Revisiting VM tricks for safepoints
In February this year, Nathan Froyd described allocation sequences in SBCL and alternative approaches other implementations use to make sure the runtime never sees half-initialised objects. At first sight, SBCL's sequence seems fairly large and slow for what, in the end, increments a thread-local pointer, even on x86-64, with its awesome 14 (RBP actually serves as a frame pointer in SBCL) GPRs:
Set the pseudo-atomic bit OR BYTE PTR [R12+160], 8 (what you'd expect for bump:) Load the allocation pointer MOV R11, [R12+80] Test for overflow LEA RDX, [R11+16] CMP [R12+88], RDX Jump to an out of line sequence JBE L4 Or save incremented pointer MOV [R12+80], RDX ... and tag it LEA RDX, [R11+7] (end of allocation per se) Finally, unset the pseudo-atomic bit XOR BYTE PTR [R12+160], 8 Check for interrupt pending JEQ L2 Trigger a signal if so BREAK 9 ; pending interrupt trap L2: ...
That's two load/store and a test just to make sure we're not caught with our pants down, handling improperly initialised objects.
One element of the alternatives is to actively check for pending interrupts (or GCs, etc). Instead of allowing interruptions everywhere except around key sequences, interruptions are queued, and explicit checks inserted by the compiler. That seems like an interesting implementation choice, so I wanted to see what it'd look like in SBCL.
It was pretty easy to adapt the compiler to insert such checks at appropriate locations (in the current case, at the end of each function' prologue, and at the head of loops). Using memory protection to turn an access into a conditional interruption seemed like a good idea, and that's what I quickly implemented.

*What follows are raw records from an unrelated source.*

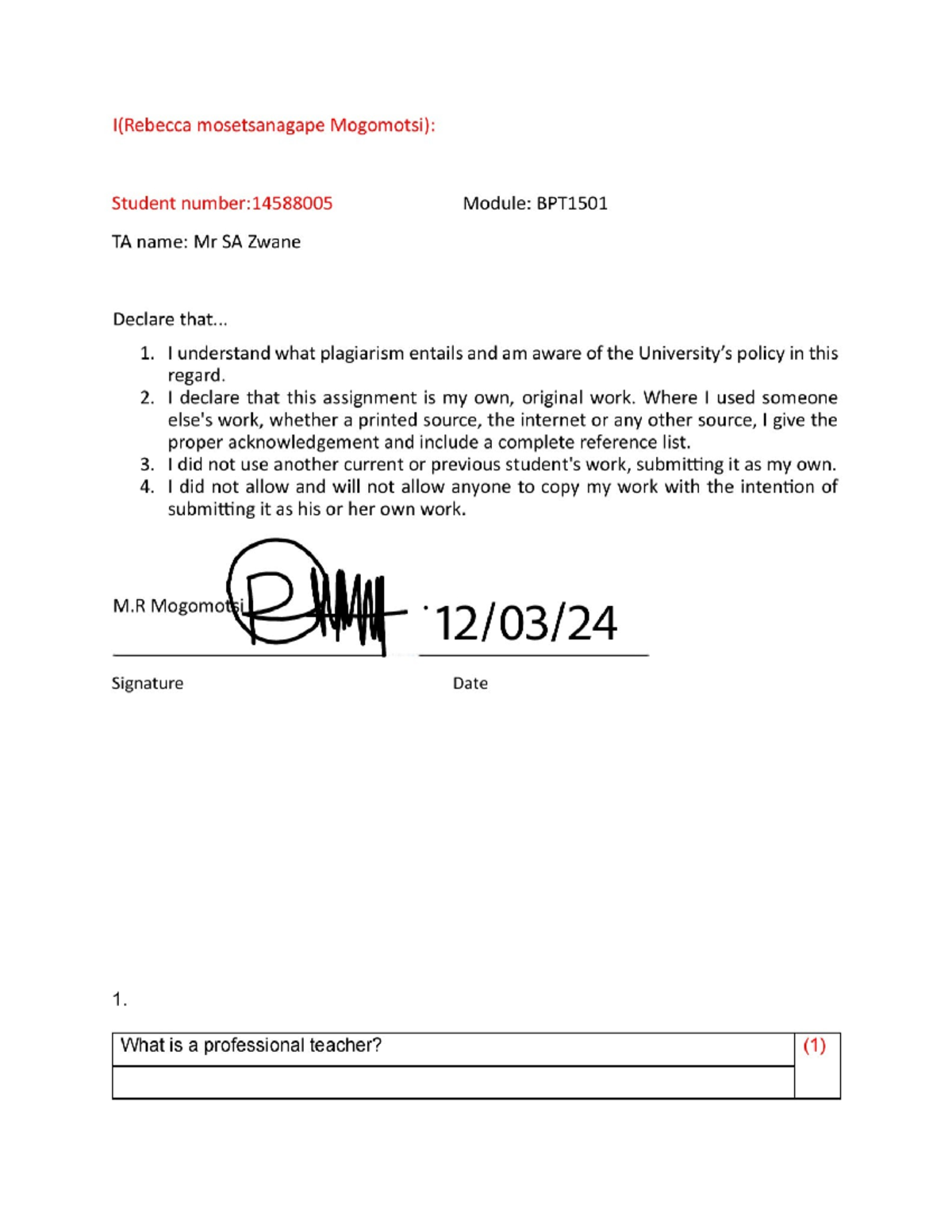 Guidelines for Authentic Individual Assignment Submission | Course Hero
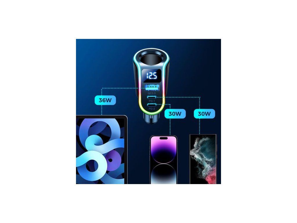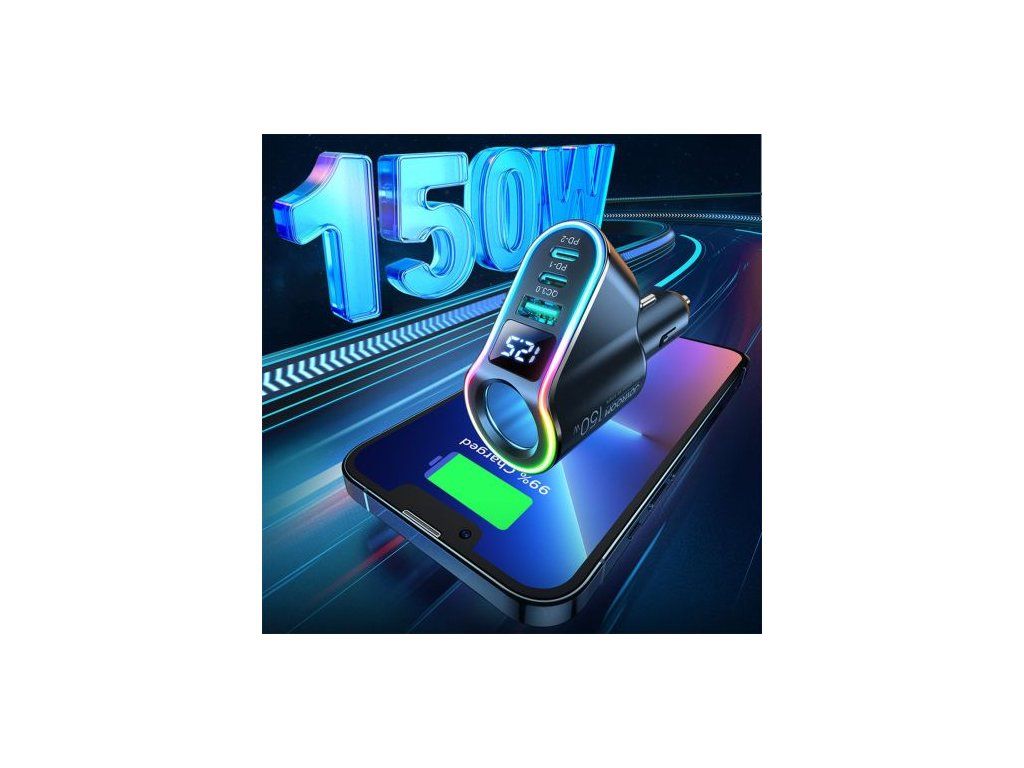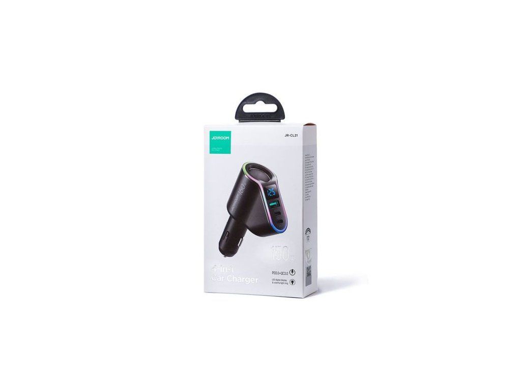 Joyroom Car Charger 4-in-1, Bluetooth Fm Transmitter C+C+U+Cigarette, PD 150W, Black (JR-CL21)
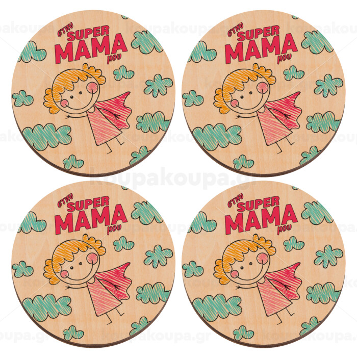 Στην SUPER μαμά μου, comic, ΣΕΤ x4 Σουβέρ ξύλινα στρογγυλά plywood (9cm)
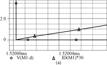 由圖4可知,當開關導通時,開關電壓V(M1:d)(Vds)下降,由于電感Lr的作用,電流不能突變,使得開關電流is在開關電壓V(M1:d)(Vds)降到零后,才從零開始上升,實現(xiàn)了開關的零電流導通。當開關關斷時,由于電容Cs的鉗壓作用,開關電壓從低電壓上升,基本實現(xiàn)零電壓關斷。而電感電流iLr和電壓vcr波形與理論分析的是一致的。
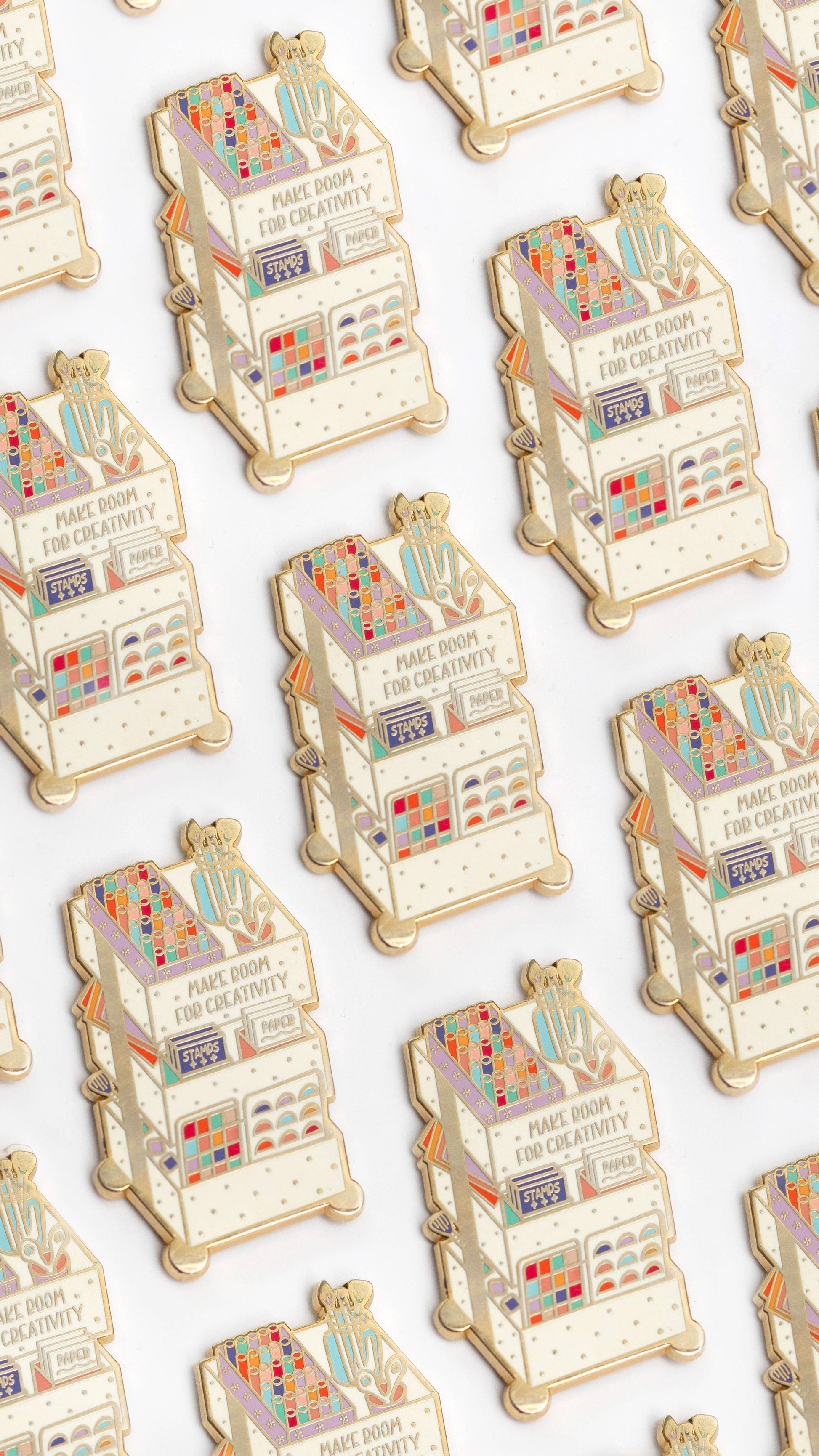 This fun gold and bright enamel pin makes a perfect gift for the amazing crafters and artists in your life. In honor of the Raskog cart that stores your favorite crafting supplies like paper, stamps, Copic markers, and other essentials! It makes for a super stylish gift for loved ones.
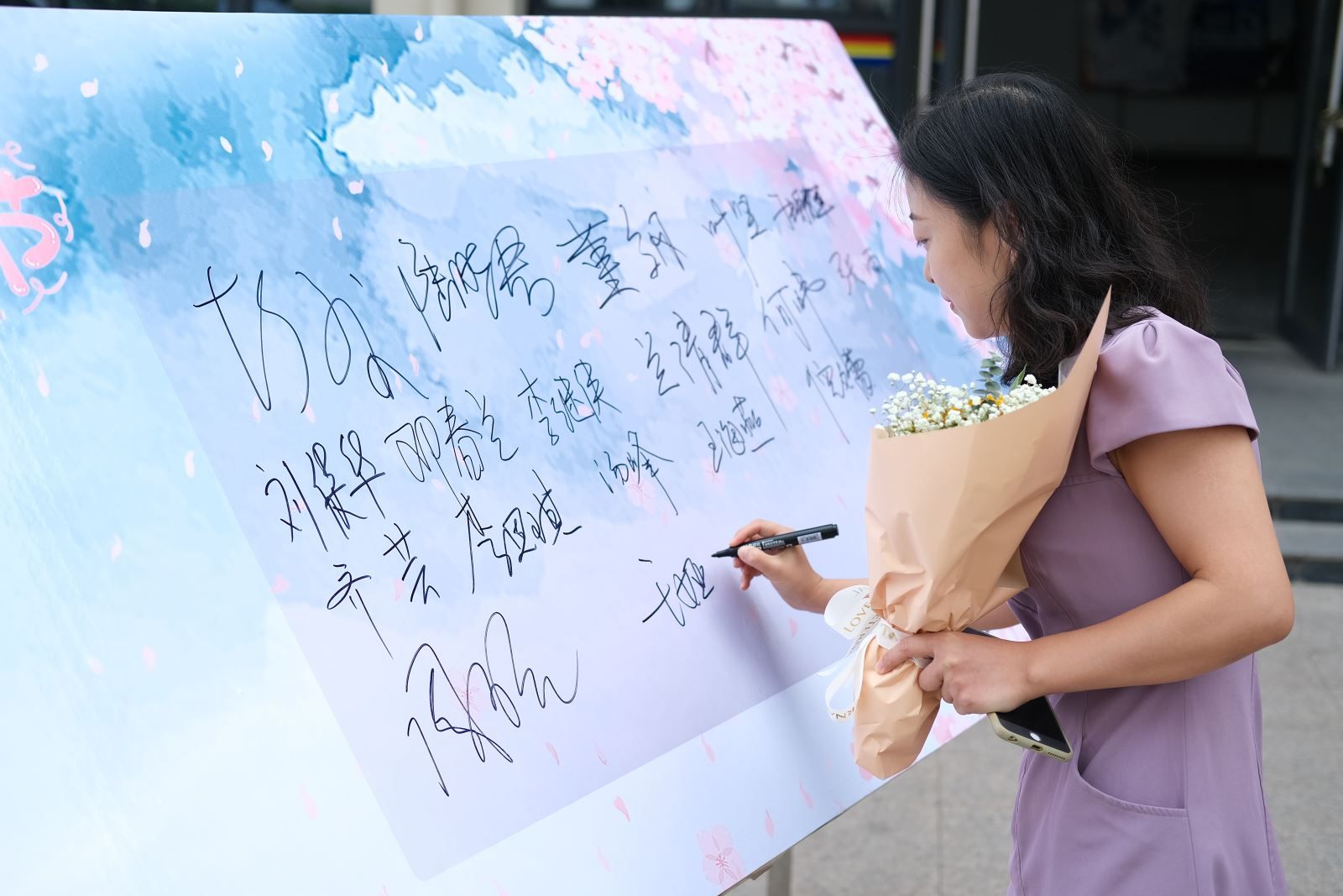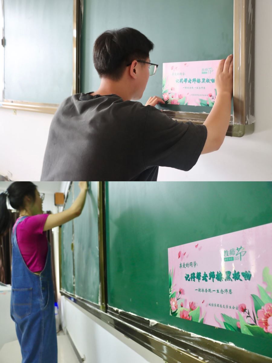 温暖人心的祝福语透过一张张卡片,那是同学们对老师们的祝福,对老师们情谊的诉说,一笔一画中厚植爱国情怀,涵养高尚品德。老师们也在祝福墙上留下签名、记录下最美的身影,师生同频共振,相得益彰。
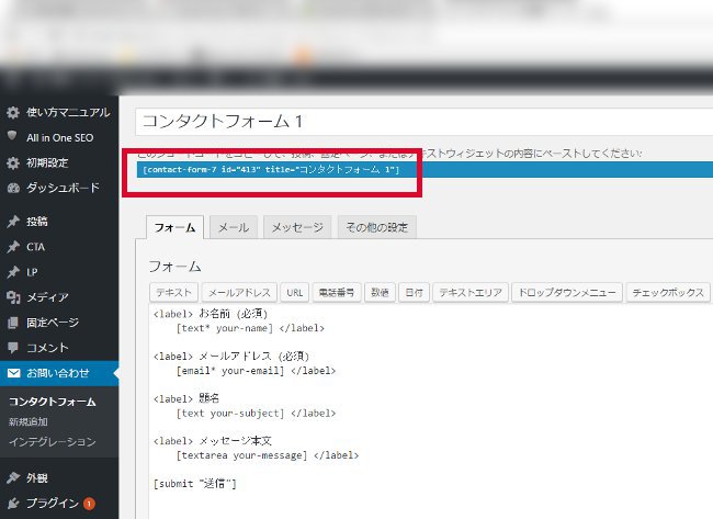 これで、あなたのワードプレスに《Contact Form 7》が導入されたことになります。

These checks can be executed fairly often in tight loops, so it's important that they be very efficient. The first version loaded a magic address from thread-local storage (an address pointed to by a register), and then wrote to that address. When the thread had to be interrupted, the page containing that address was made unreadable and unwritable, so the last access triggered a segfault, which was then handled specially.
The result was slow... 25% as much time as the original (signals-ful)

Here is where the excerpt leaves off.